Taking the main components first, they are quite well tooled, feeling quite hard and brittle-like. No distortion was apparent and a dry fit of the fuselage halves suggests a decent fit and overall shape looks pretty good too.
The components feature quite heavy recessed panel lines which may not impress all of you. Detail, as you’d expect with an older moulding, is not as fine as, say, the newer kits from this manufacturer.
The type is certainly impressive as you can see from the video at the start of this review, so this project is all going to be about fine preparation and that finished paint job.
Check out the manufacturer’s images of the completed model in the gallery grid below and you’ll see the model does make up well.
It’s a little odd, but the rotor blades have superb, fine recessed panel line detail, so I don’t know if they have been re-tooled at some point. It’s a shame they haven’t been applied across the whole kit.
The moulds are wearing and so some sink marks are present, but nothing a bit of filler can’t resolve. Little excess flash is present and most parts will clean up easily to ensure a decent enough fit.
Cockpit detail is fair and the inclusion of decals for the two main instrument panels is a quick fix for lack of moulded detail in the original kit offering. I’m not sure of any aftermarket sets that were/are available for this model, but I would certainly take a look.
This kit is pretty fairly priced at around £16.00 and will make up into an impressive model that has size and charisma and, in the yellow/blue scheme supplied, will look stunning.
The clear parts look ok, although showing their age somewhat. They are clear enough though and should polish up to an even better clarity using plastic polish or, better still, Future (Johnson’s Klear). See your Techniques Bank for more on these.
Instructions and Decals
The Revell instructions follow their usual exploded stages format. Location of parts is clear but colour paint coding is for Revell mixes of their paints only. However, the colour names are provided and this will help you to match your own choice of paints.

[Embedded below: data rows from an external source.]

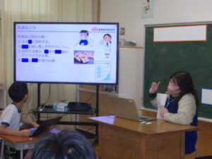 まず初めにお話をしてくださったのは、薬品会社に勤めている 堀口郁翔さんです。薬には「一般医薬品」と「医療用医薬品」があること、そして高い品質と安全性を保つために、厳しい品質検査や丁寧な包装が行われていることを教えていただきました。
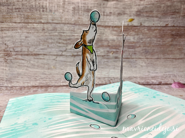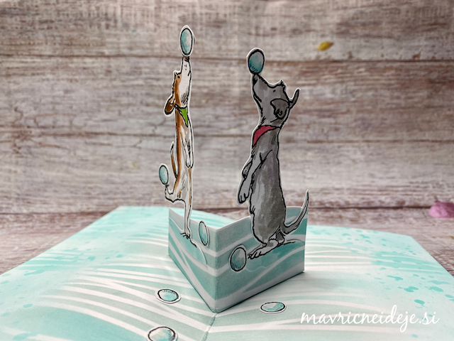 Kadar so potiskani papirji res dobre kvalitete, jih lahko uporamo tudi kot osnovo za voščilnoco. Tudi tokrat sem vključila pop up element v notranjost. Prvo stran pa sem obogatila z okvirčkom.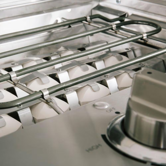 - Ceramic briquette flavorizer provides better heat distribution than standard flame tamers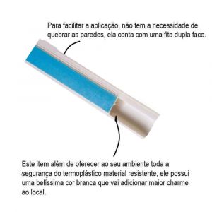 - Sua instalação é muito simples de realizar, essa canaleta conta com fita dupla face para realizar a fixação de modo fácil e rápido garantindo um ótimo acabamento sem quebrar paredes.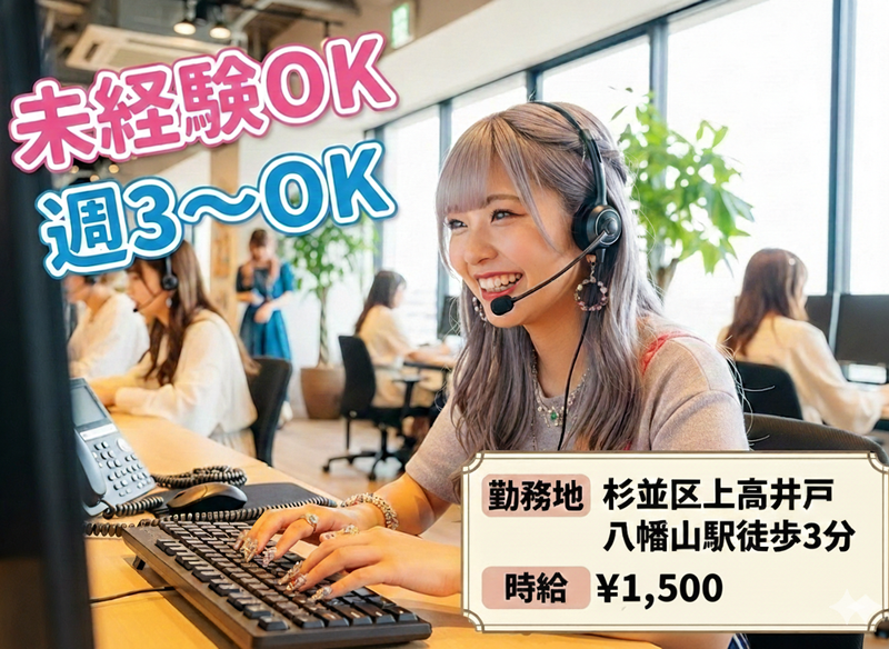 【勤務地】 東京都杉並区上高井戸1-8-20 ALPS八幡山ビル601 (京王線「八幡山駅」徒歩3分) 原則屋内禁煙、喫煙室あり 【応募条件】 ・採用率99%!積極採用中でチャンス大◎ ・未経験OK/8割以上がゼロからのスタート ・ワークライフバランス重視の方向け ・学歴/経験/資格不問 ・パソコンの基本操作ができる方(入力ができればOK) ・受電メイン/ノルマなし/クレーム対応ほぼなし ・希望シフト制/週3日~OK/副業・WワークOK ・交通費全額支給(上限月30,000円) ・服装/髪型/髪色/ネイル/カラコン自由!自分らしく働ける ・子育てや家庭との両立もサポート! ・働きやすい環境で長期安定勤務が可能 ・「安心/丁寧なご案内」が評価されるお仕事です ・ブランクのある方も歓迎 ・主婦(夫)、Wワーク、フリーター歓迎 ・即日勤務可能 (選考はスムーズに行い、最短7日以内の勤務開始も可能(ご相談可)です。) 【応募後の流れ】 応募 → 面接1回 → 採用 履歴書をご持参ください。職場見学も可能です。 ☎電話応募:03-5738-7014(総務部) 「Indeedを見た」とお伝えください。 <最短1分で応募完了> 画面下の「応募画面へ進む」から簡単エントリー可能!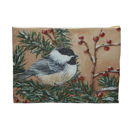 Accessory Pouch, Chickadee, Winter Berries, Wild Bird, Song Bird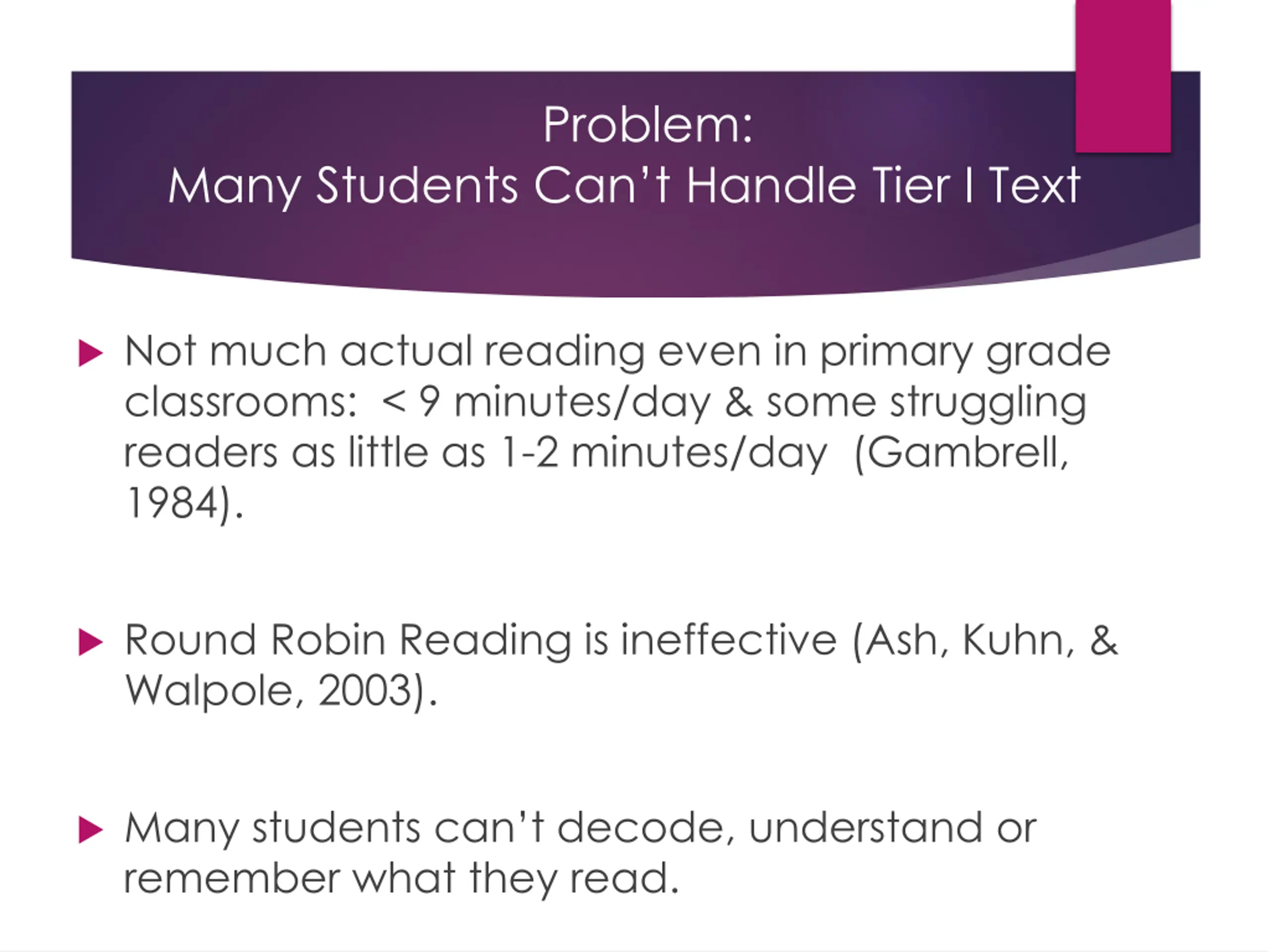 Problem: Many Students Can t Handle Tier I Text Not much actual reading even in primary grade classrooms: < 9 minutes/day & some struggling readers as little as 1-2 minutes/day (Gambrell, 1984). Round Robin Reading is ineffective (Ash, Kuhn, & Walpole, 2003). Many students can t decode, understand or remember what they read.

This is a basic model and so should present little difficulty in working out where all the parts are located, even for inexperienced modellers.
The decals seem good, very good in fact, being new and manufactured in Italy. Certainly colour saturation and register is good and all markings are accurate and sharp in their detail. This is one of the best elements of the package; good quality decals will make a world of difference to your completed model.
Basically, if you are into helicopter scale modelling, then this kit is worth a look; no, better to buy it while it’s available!
There will never be a huge choice of Westland Wessex models in any guise and offerings like this for the money will rightly prove popular. Using different markings (if you can get them – try Model Alliance) could open up all sort of possibilities.
If you’re prepared to spend some time being patient with your prep and spray work you can get good results from these older-tooled kits.
|FEATURE||STAR RATING (out of five)|
|Quality of moulding||***|
Recommended for all scale modellers, whatever your experience.